[[ SOURCE DATA, beginning ]]

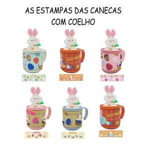 Kit 2 Canecas Emborrachada + 2 Coelho Coelhinho Páscoa Pelúcia
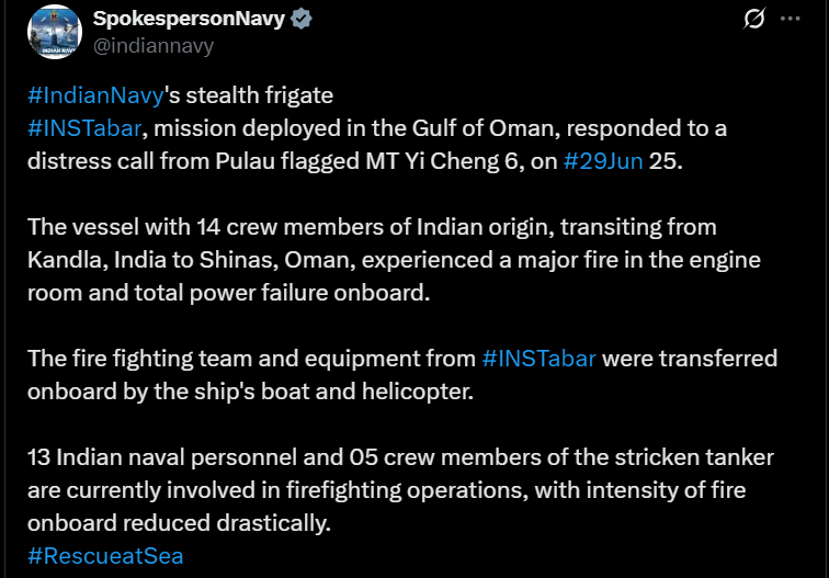 On June 29-2025, the episode began when it was that the Indian Navy’s Maritime Rescue Coordination Centre (MRCC) received a distress call from a merchant vessel that was located over 200 nautical miles off of the Indian coast. The vessel, with a multinational crew on board its deck, had encountered a severe mechanical failure, so it was adrift within rough waters. The monsoon strengthened; also, intervention was required immediately. The possibility of the ship capsizing increased as conditions worsened. A Pulau-flagged oil tanker, MT Yi Cheng 6, carrying 14 crew members, caught a major fire in the engine room and total power failure onboard.
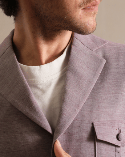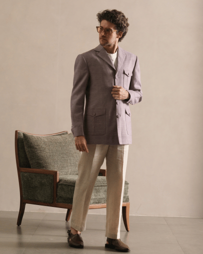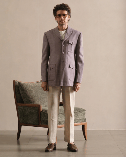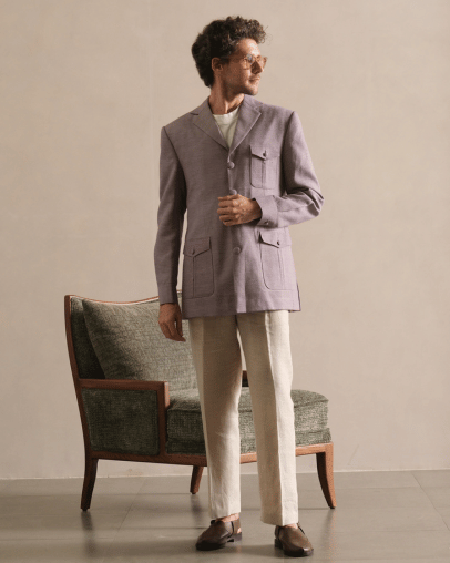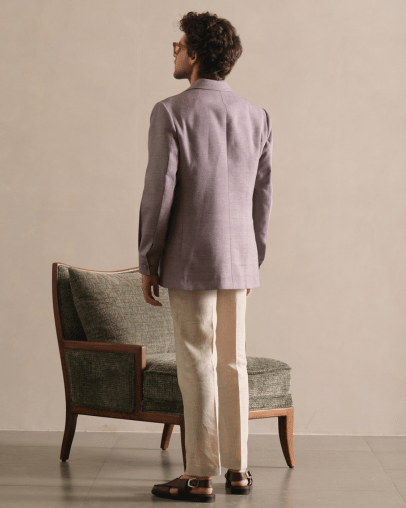 Crafted from premium two-ply cotton, this blazer embodies refined tailoring and understated luxury. The fabric’s natural breathability and smooth texture ensure superior comfort, while its structured drape delivers a sharp, polished silhouette.
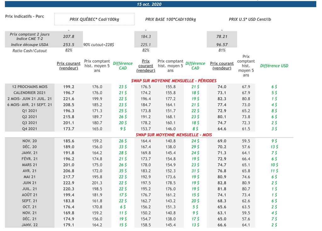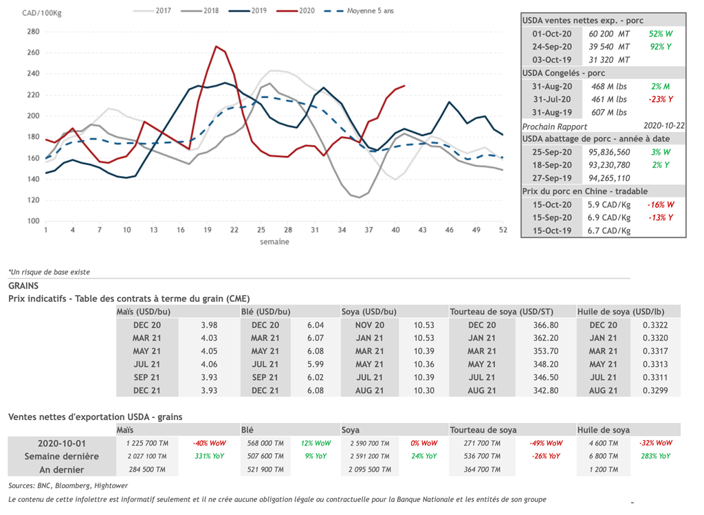 • 16 octobre : USDA — Ventes nettes d’exportations pour les grains et le porc
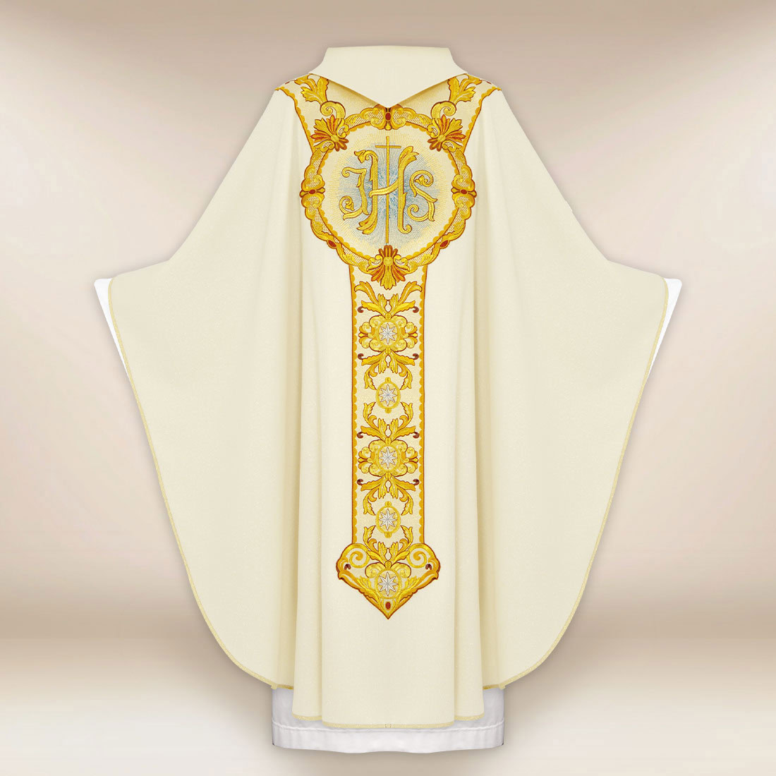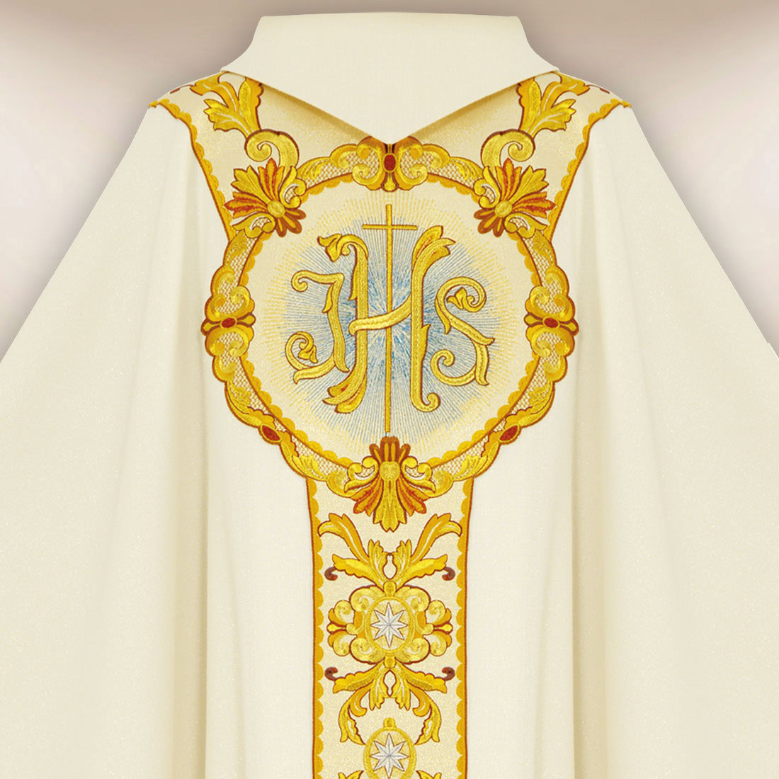 The central element of the decoration is the image of the Infant Jesus resting on hay, depicted in delicate, classical iconography. It is surrounded by a rich composition of ornaments inspired by sacred art, creating a harmonious structure that subtly guides the gaze towards the light emanating from the Bethlehem scene. At the back of the chasuble, there is an intricately embroidered IHS monogram, framed in a decorative design with a Christmas style.
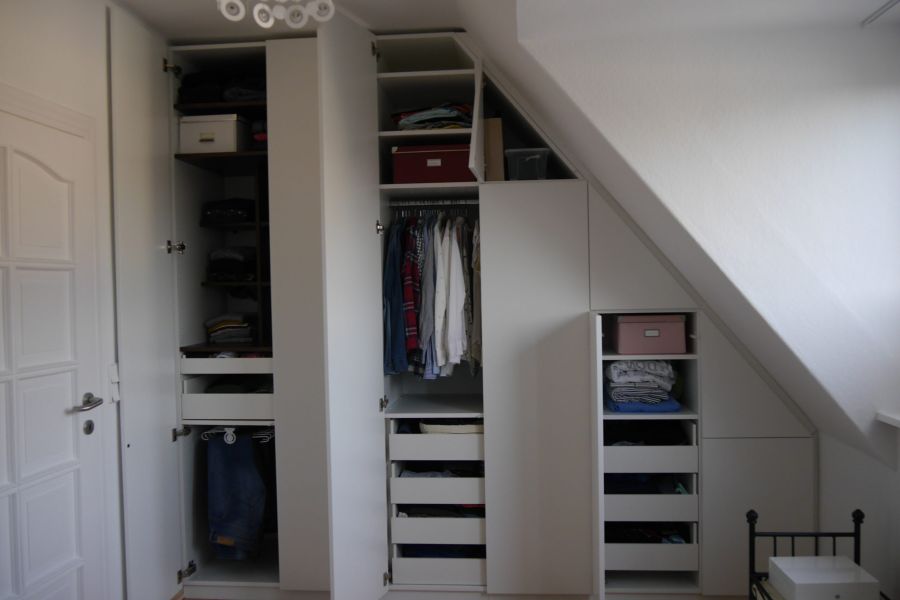 Abhängig von Bauart und Größe. Mit einer maßgefertigten Lösung wird aus jeder Nische ein Stauraumwunder. Ein clever geplanter Schrank unter der Schräge oder an der „Giebelseite“ mit individuell angepassten Türen, Passblenden und ggf. Schubkästen liegt meist im Bereich von 3.500 bis 7.500 Euro. Je höher Ihre individuelle Anforderung und durchdachter die Details ausfallen, desto aufwendiger wird die Planung und Fertigung. Denn hier ist nichts Standard, alles wird millimetergenau angepasst.
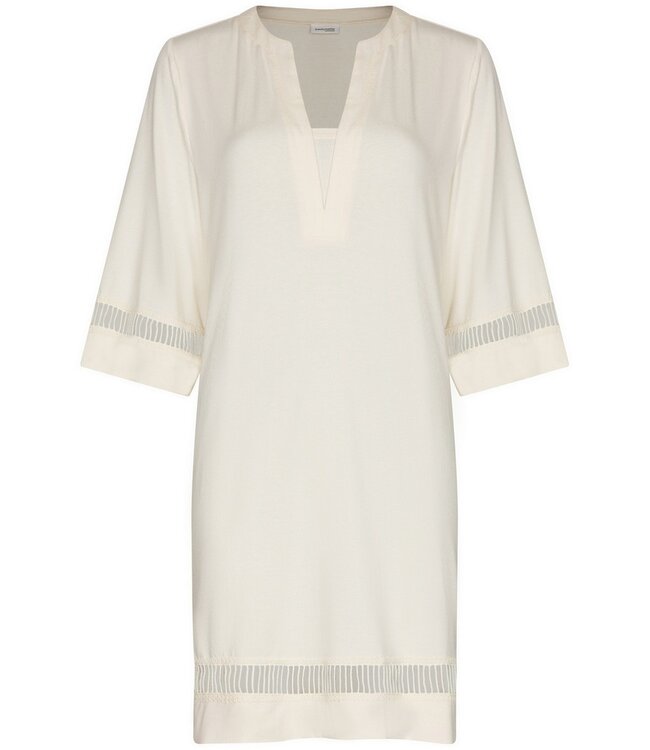 Viscose met elastaan is een fijne kwaliteit voor een strandjurkje omdat het soepel valt en het comfortabele draaggevoel. De stof is ademend, voelt zijdezacht aan op de huid en biedt dankzij elastaan lichte stretch en bewegingsvrijheid, perfect voor warme zomerdagen.
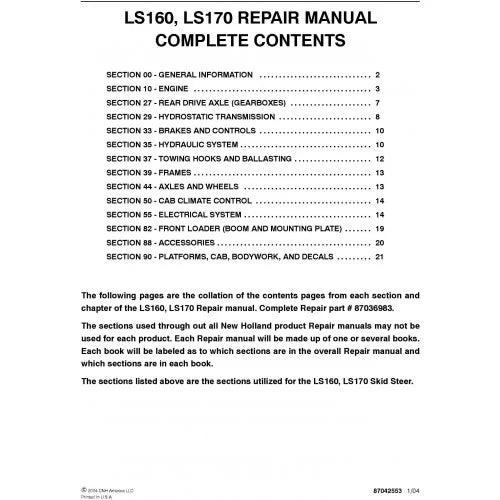 New Holland LS160, LS170 Skid Steer Loader Pdf Repair Service Manual (p. Nb. 87036983)

[[ SOURCE DATA, end ]]

Return all the records exactly, excluding images.

 Kit 2 Canecas Emborrachada + 2 Coelho Coelhinho Páscoa Pelúcia
 On June 29-2025, the episode began when it was that the Indian Navy’s Maritime Rescue Coordination Centre (MRCC) received a distress call from a merchant vessel that was located over 200 nautical miles off of the Indian coast. The vessel, with a multinational crew on board its deck, had encountered a severe mechanical failure, so it was adrift within rough waters. The monsoon strengthened; also, intervention was required immediately. The possibility of the ship capsizing increased as conditions worsened. A Pulau-flagged oil tanker, MT Yi Cheng 6, carrying 14 crew members, caught a major fire in the engine room and total power failure onboard.
 Crafted from premium two-ply cotton, this blazer embodies refined tailoring and understated luxury. The fabric’s natural breathability and smooth texture ensure superior comfort, while its structured drape delivers a sharp, polished silhouette.
 • 16 octobre : USDA — Ventes nettes d’exportations pour les grains et le porc
 The central element of the decoration is the image of the Infant Jesus resting on hay, depicted in delicate, classical iconography. It is surrounded by a rich composition of ornaments inspired by sacred art, creating a harmonious structure that subtly guides the gaze towards the light emanating from the Bethlehem scene. At the back of the chasuble, there is an intricately embroidered IHS monogram, framed in a decorative design with a Christmas style.
 Abhängig von Bauart und Größe. Mit einer maßgefertigten Lösung wird aus jeder Nische ein Stauraumwunder. Ein clever geplanter Schrank unter der Schräge oder an der „Giebelseite“ mit individuell angepassten Türen, Passblenden und ggf. Schubkästen liegt meist im Bereich von 3.500 bis 7.500 Euro. Je höher Ihre individuelle Anforderung und durchdachter die Details ausfallen, desto aufwendiger wird die Planung und Fertigung. Denn hier ist nichts Standard, alles wird millimetergenau angepasst.
 Viscose met elastaan is een fijne kwaliteit voor een strandjurkje omdat het soepel valt en het comfortabele draaggevoel. De stof is ademend, voelt zijdezacht aan op de huid en biedt dankzij elastaan lichte stretch en bewegingsvrijheid, perfect voor warme zomerdagen.
 New Holland LS160, LS170 Skid Steer Loader Pdf Repair Service Manual (p. Nb. 87036983)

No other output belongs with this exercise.